*** Opening of Recorded information ***

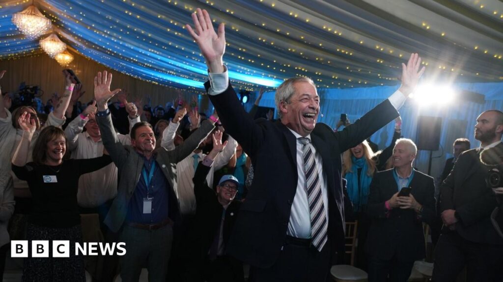 Share Twitter Facebook LinkedIn Email Nigel Farage holds a rally in North West Essex as his party targets Kemi Badenoch’s seat.Read More
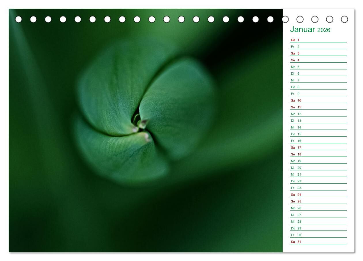 Grün Makrofotografien aus der grünen Welt der Pflanzen als Monatsplaner (Tischkalender 2026 DIN A5 quer), CALVENDO Monatskalender
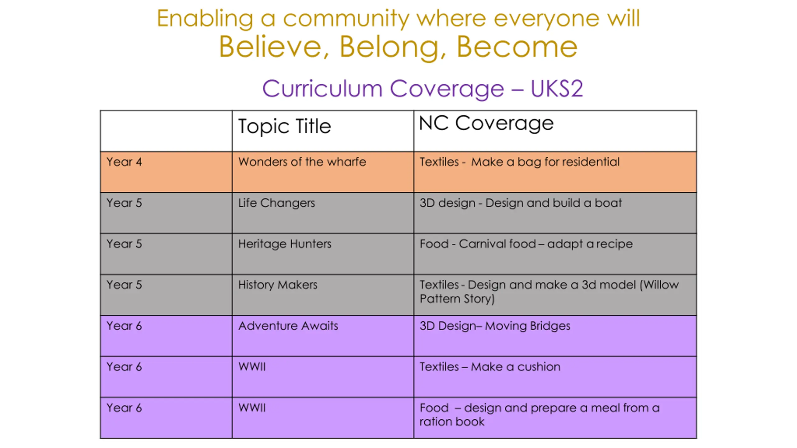 Enabling a community where everyone will Believe, Belong, Become Curriculum Coverage UKS2 Year Topic Title NC Coverage Year 4 Wonders of the wharfe Textiles - Make a bag for residential Year 5 Life Changers 3D design - Design and build a boat Year 5 Heritage Hunters Food - Carnival food adapt a recipe Year 5 History Makers Textiles- Design and make a 3d model (Willow Pattern Story) Year 6 Adventure Awaits 3D Design Moving Bridges Year 6 WWII Textiles Make a cushion Year 6 WWII Food design and prepare a meal from a ration book

*** Close of Recorded information ***

» **Exercise brief**
Pictures aside, please output the whole listing exactly as it appears above.

» **Task output**
 Share Twitter Facebook LinkedIn Email Nigel Farage holds a rally in North West Essex as his party targets Kemi Badenoch’s seat.Read More
 Grün Makrofotografien aus der grünen Welt der Pflanzen als Monatsplaner (Tischkalender 2026 DIN A5 quer), CALVENDO Monatskalender
 Enabling a community where everyone will Believe, Belong, Become Curriculum Coverage UKS2 Year Topic Title NC Coverage Year 4 Wonders of the wharfe Textiles - Make a bag for residential Year 5 Life Changers 3D design - Design and build a boat Year 5 Heritage Hunters Food - Carnival food adapt a recipe Year 5 History Makers Textiles- Design and make a 3d model (Willow Pattern Story) Year 6 Adventure Awaits 3D Design Moving Bridges Year 6 WWII Textiles Make a cushion Year 6 WWII Food design and prepare a meal from a ration book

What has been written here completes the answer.